I have had to make that concrete in my own setup. My ghostwriter agent is not allowed to auto-send anything. My personal assistant agent and my chief of staff agent have different lanes and different responsibilities. I created these boundaries as I built and used them, kinda by trial and error. These boundaries are what keep autonomy useful and increase my trust in these agents, so I use them more.


Permission Denials Are Not Dead Ends#

If you have worked with Claude Code or Codex, and you follow the reasoning as they execute tasks. You can see that agents don’t stop when they find a roadblock or an error; they keep going and try to deliver on what you asked them to do. The Claude Code source shows how that actually works inside the harness logic. You can also find more details about the overall hook system here.

Every tool call passes through a permission pipeline: mode check, hook evaluation, rule matching, and finally a user prompt. When a tool is denied, the denial is wrapped as a tool result and fed back to the model as if the tool had returned an error message. The agent sees “permission denied” as an output and adjusts its approach. It can try a different path, ask a clarifying question, or give up gracefully.

The system also tracks all denials across a session and reports them to the SDK caller.
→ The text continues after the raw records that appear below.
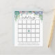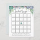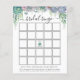 ブライダルシャワービンゴカードは、紫、緑、ほこりっぽい青い多肉類、ユーカリ、緑のカスケードを搭載。花嫁が贈り物を開く間、シャワー客と交流するおもしろい。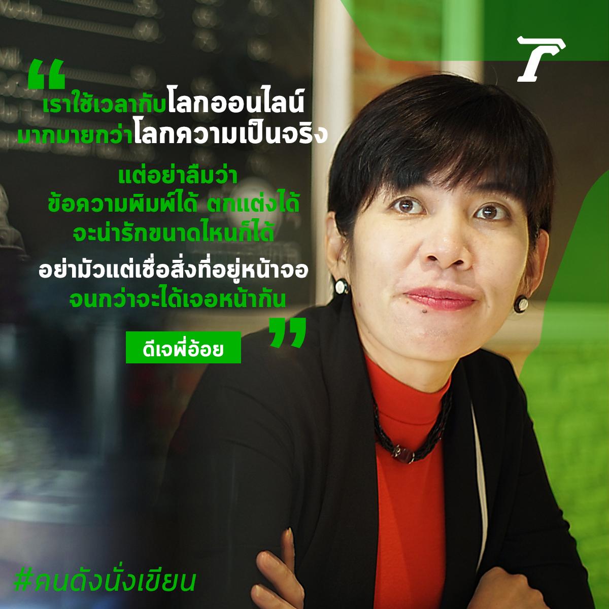 ต่อให้วันนี้เราใช้เวลากับโลก online มากมายกว่าโลกความเป็นจริง แต่อย่าลืมว่าข้อความพิมพ์ได้ ตกแต่งได้ จะน่ารักขนาดไหนก็ได้ อย่ามัวแต่เชื่อสิ่งที่อยู่หน้าจอ จนกว่าจะได้เจอหน้ากัน ขนาดเห็นหน้ากันทุกวัน รู้จักกันนานยังไม่ได้แปลว่าเรารู้จักกันดีเลย นับประสาอะไร กับโลกที่เราปั้นให้เราเป็นอะไรก็ได้ สุดท้ายเราได้รับผิดชอบความรู้สึกของใครบ้าง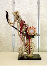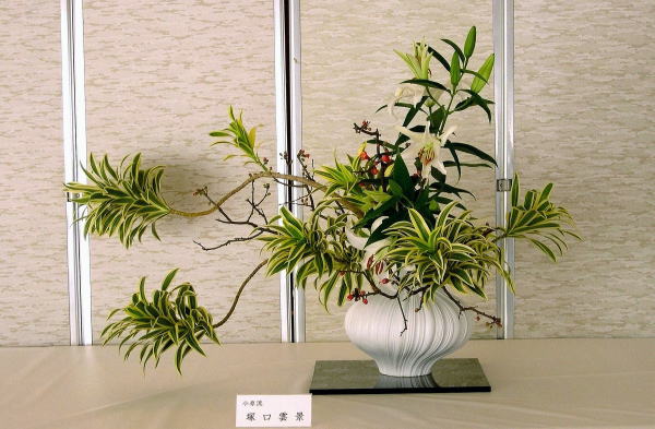 花材: ドラセナ・ ソングオブインディアナ 緋木瓜 オリエンタルリリー

IDE integrations can surface patterns: if an agent keeps being denied bash commands in /etc, that is useful signal because it is not just a workflow block, it treats it as feedback.
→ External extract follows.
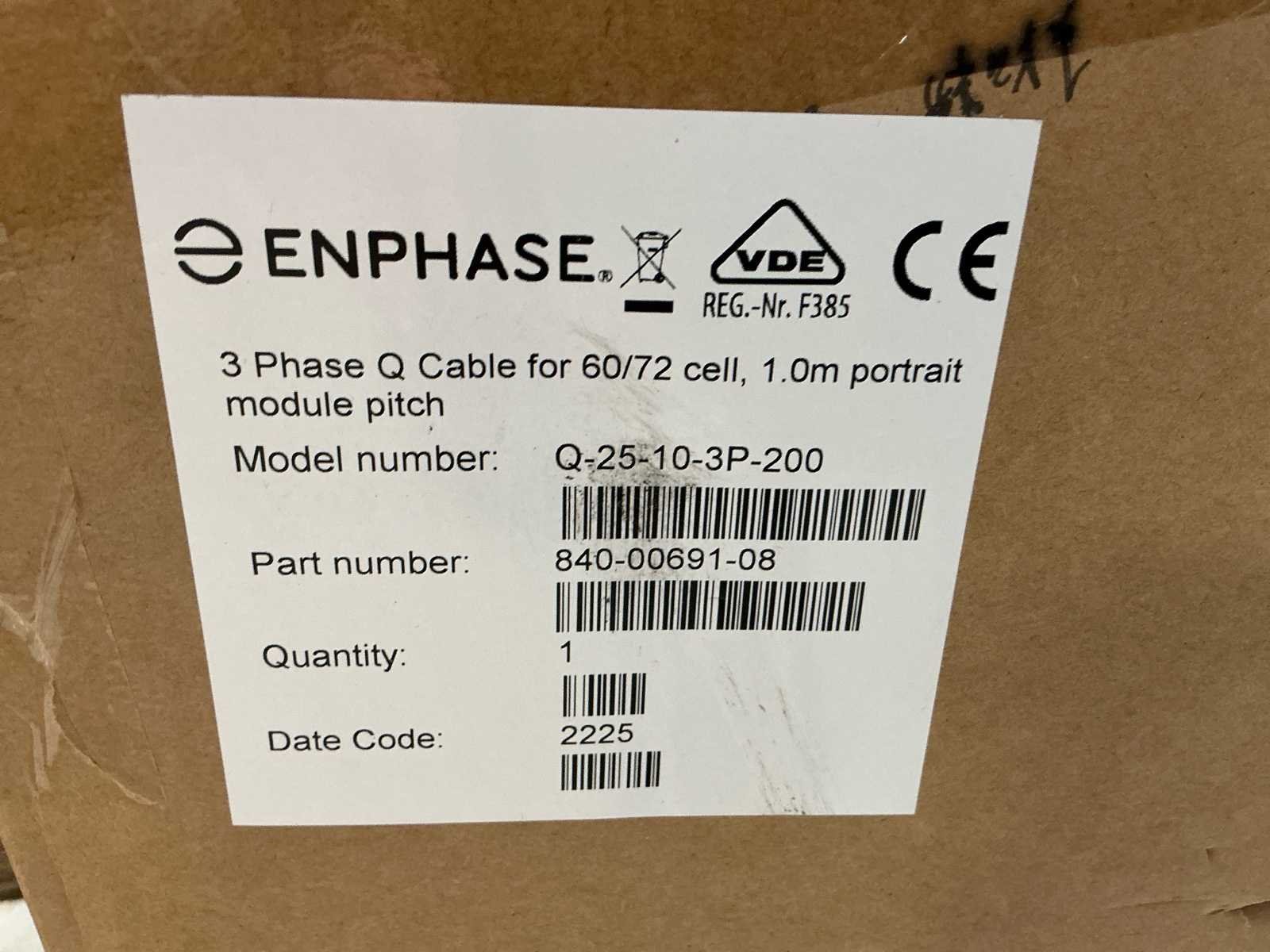 Voorzien van: 60 x 3-fase kabel landscape, 180x 3-fase portrait Nee Merk: Enphase Model: Q cable Product type: 3-fase Kleur: Zwart Lengte: 170cm

This is a fundamentally different mental model than an allowlist. The agent is not stopped at a wall. It is informed of constraints and expected to reason about them.

agent wants action
      |
      v
+-------------------+
| permission check  |
+-------------------+
      |
   allowed? ---------------- no ----------------+
      |                                         |
     yes                                        v
      |                               denial returned as
      v                               tool result to model
execute action                                  |
      |                                         v
      +------------------------------> agent adapts plan

Append-Only Logs: Accountability at the Architecture Level#

The Kairos background daemon, Anthropic’s always-on autonomous agent mode, keeps append-only daily logs of everything it noticed, decided, and did.

The agent cannot erase its own history.

The decision to make logs append-only is an architectural statement about what kind of system this is supposed to be. An agent with real autonomy that acts on your behalf without explicit prompts, needs to be auditable by design.
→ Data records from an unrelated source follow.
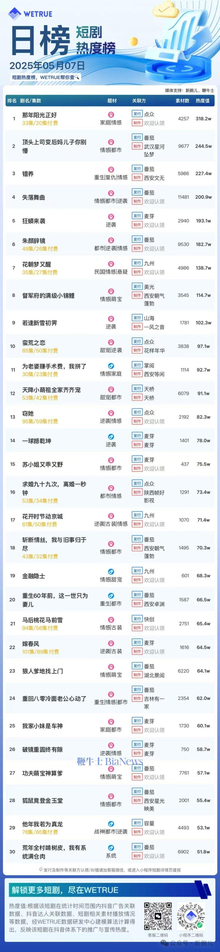 1、本日榜为WETRUE短剧数据公司提供,新腕儿和鞭牛士提供联合支持。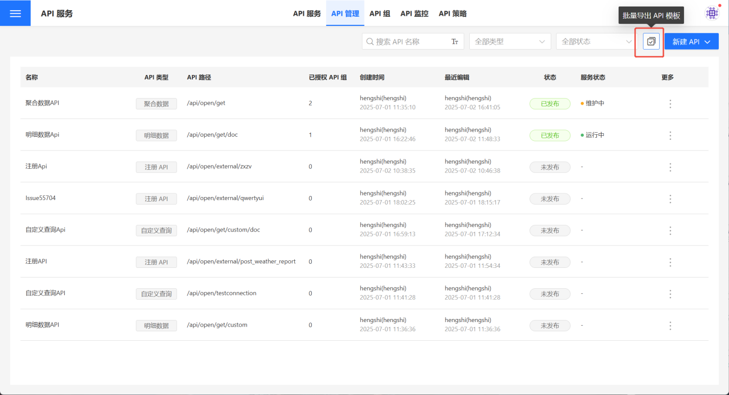 - 在API 管理中点击图中红色框,进入批量操作页面。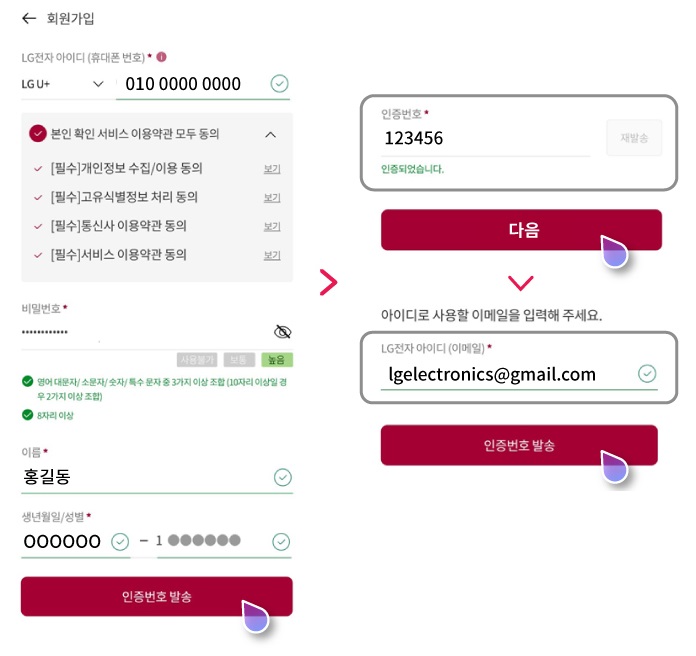 • [회원가입]에 필요한 개인 정보를 입력한 후 [인증번호 발송] 버튼을 터치해주세요.

Even the memory consolidation path is isolated behind a forked subagent with limited tool access. That detail matters here not because of memory quality, but because it shows Anthropic separating evaluation and execution privileges. I wrote more about Memory on a previous post here.

That separation of concerns is very interesting. Generally speaking this is just good systems design; the system that records and evaluates work should not have the same privileges as the system that executes it. Anthropic is applying that at the agent level too.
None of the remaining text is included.